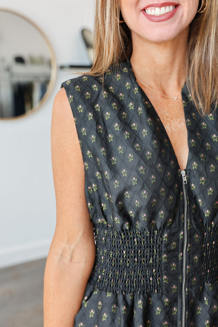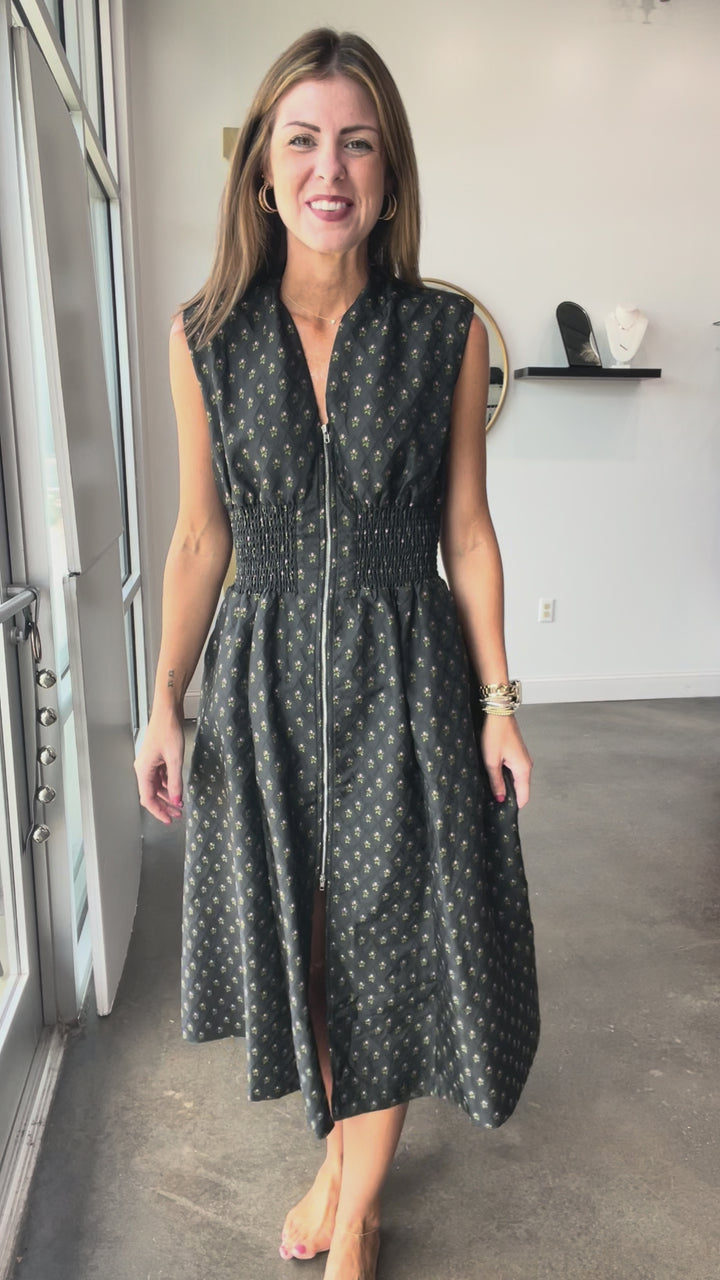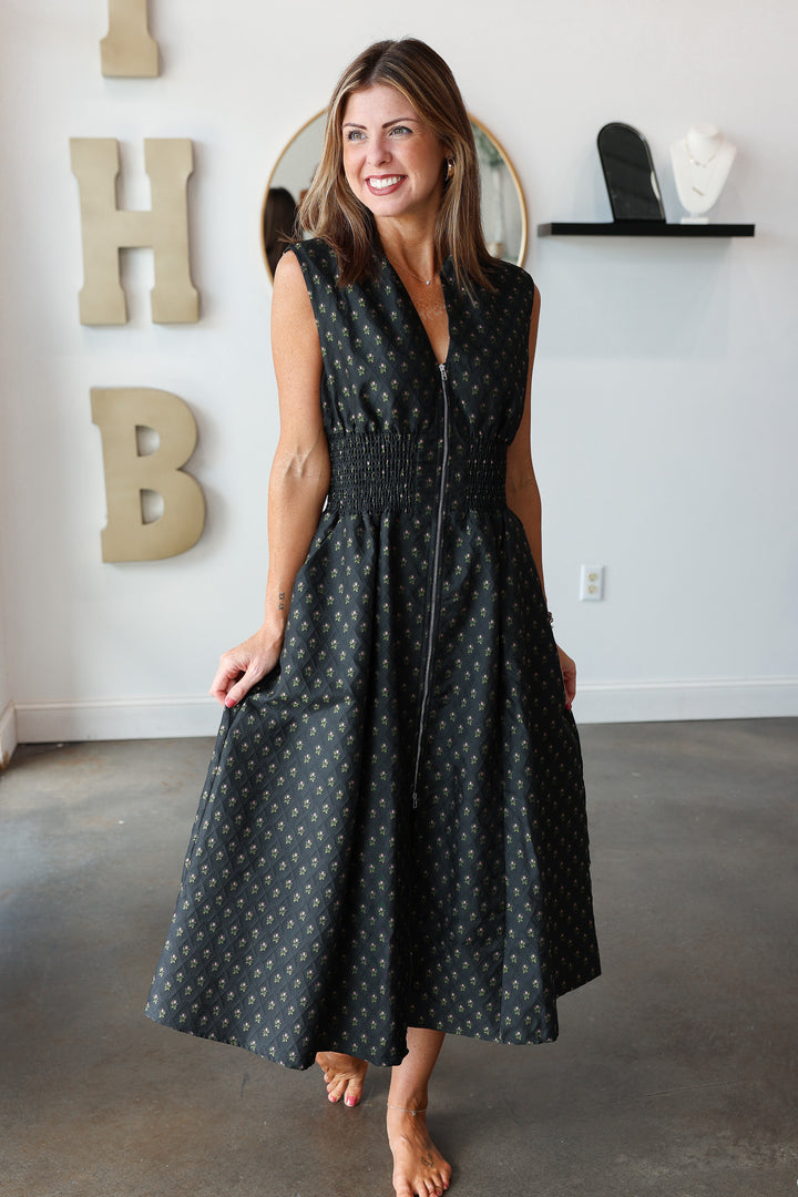 Smocked Waist Midi Dress - Black
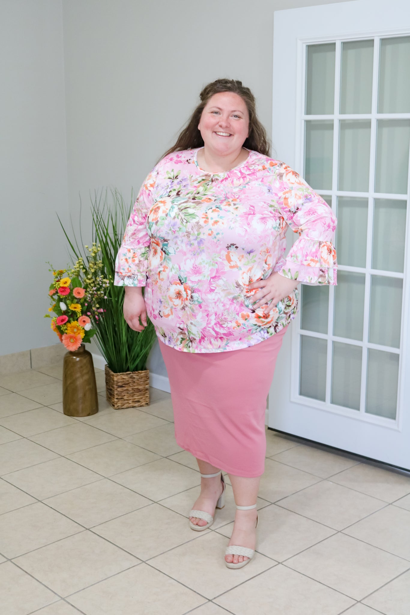 PINK FLORAL LAYERING TOP, 3/4 SLEEVES
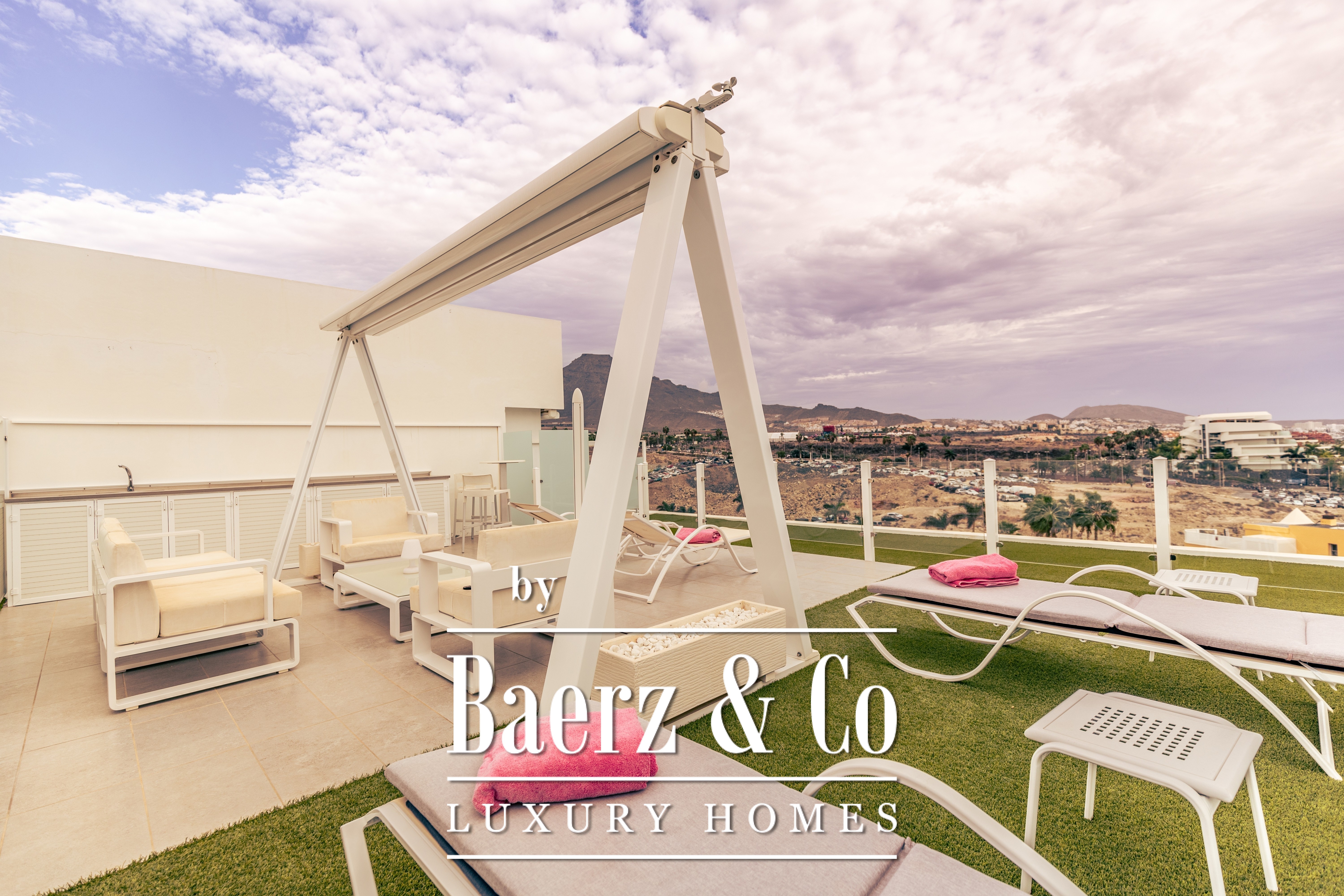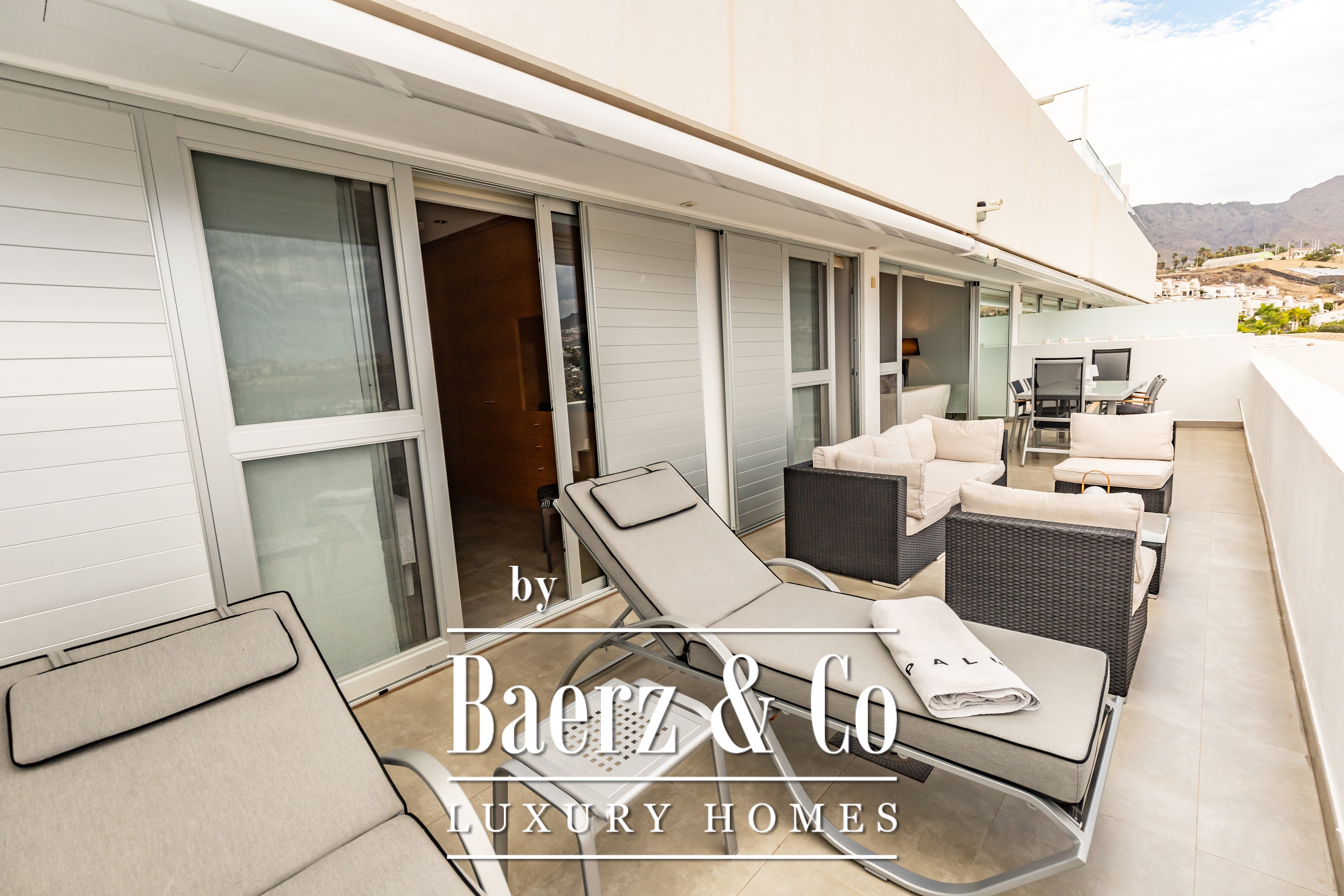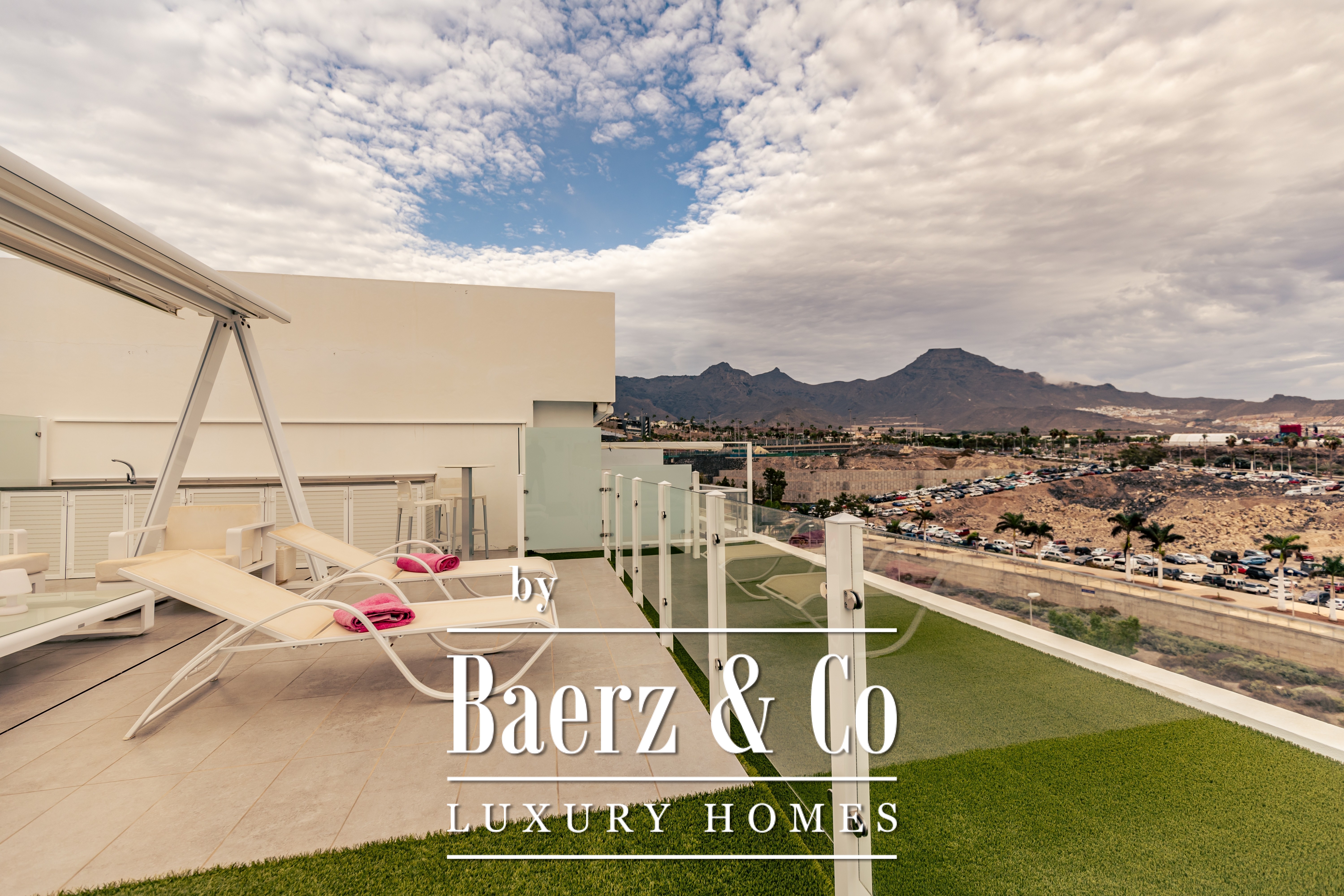 Penthouse Costa Adeje offers refined contemporary minimalism within the rarefied setting of Caleta Palms, a celebrated address on the southern coast of Tenerife. This 100 m² penthouse is complemented by 150 m² of terraces, including a private roof terrace with an outdoor shower, granting unobstructed views of the Atlantic, the mountains and the village of La Caleta.
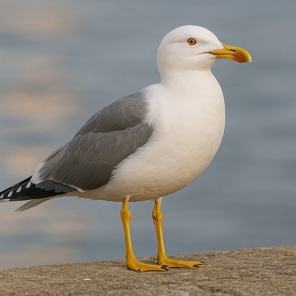A gaivota-de-patas-amarelas destaca-se pelo seu corpo robusto, penas branco-acizentadas e, claro, as suas patas amarelas brilhantes. O bico é amarelo com uma pequena mancha vermelha, que muitas vezes é usada para ajudar a identificar a espécie a partir de outras gaivotas similares. Estas características não apenas a tornam facilmente identificável, mas também a diferenciam de outras espécies de gaivotas.
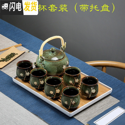 三维工匠提梁壶茶具套装家用茶杯功夫茶具托盘茶壶定制礼盒装送礼一壶六杯 窑变梅花绿套装(送茶盘)
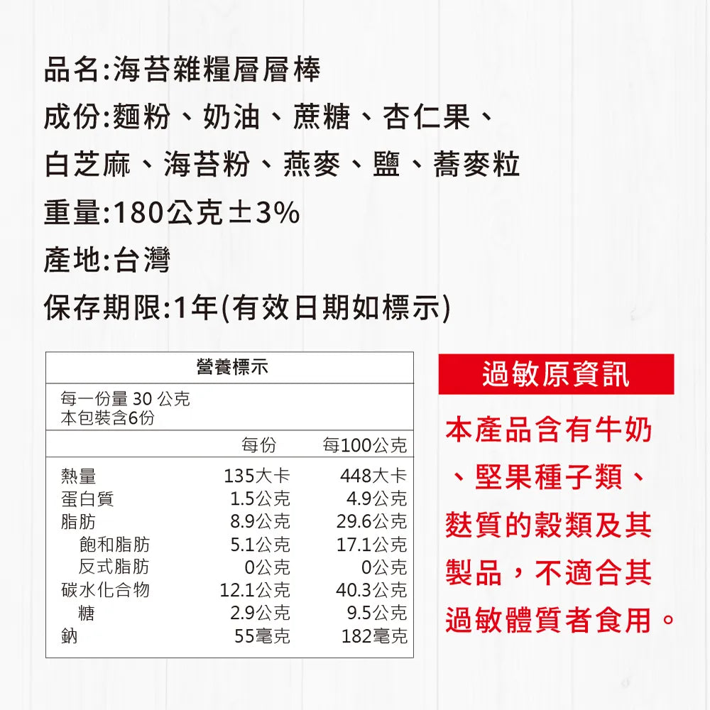 雜糧層層棒 7口味任選(180g/袋) 杏仁堅果棒 低負擔零食

*Description of the task*
Return exactly the lines of the data, beginning with the first and ending with the line containing "Penthouse Costa Adeje". Skip the pictures.

*Written answer*
 Smocked Waist Midi Dress - Black
 PINK FLORAL LAYERING TOP, 3/4 SLEEVES
 Penthouse Costa Adeje offers refined contemporary minimalism within the rarefied setting of Caleta Palms, a celebrated address on the southern coast of Tenerife. This 100 m² penthouse is complemented by 150 m² of terraces, including a private roof terrace with an outdoor shower, granting unobstructed views of the Atlantic, the mountains and the village of La Caleta.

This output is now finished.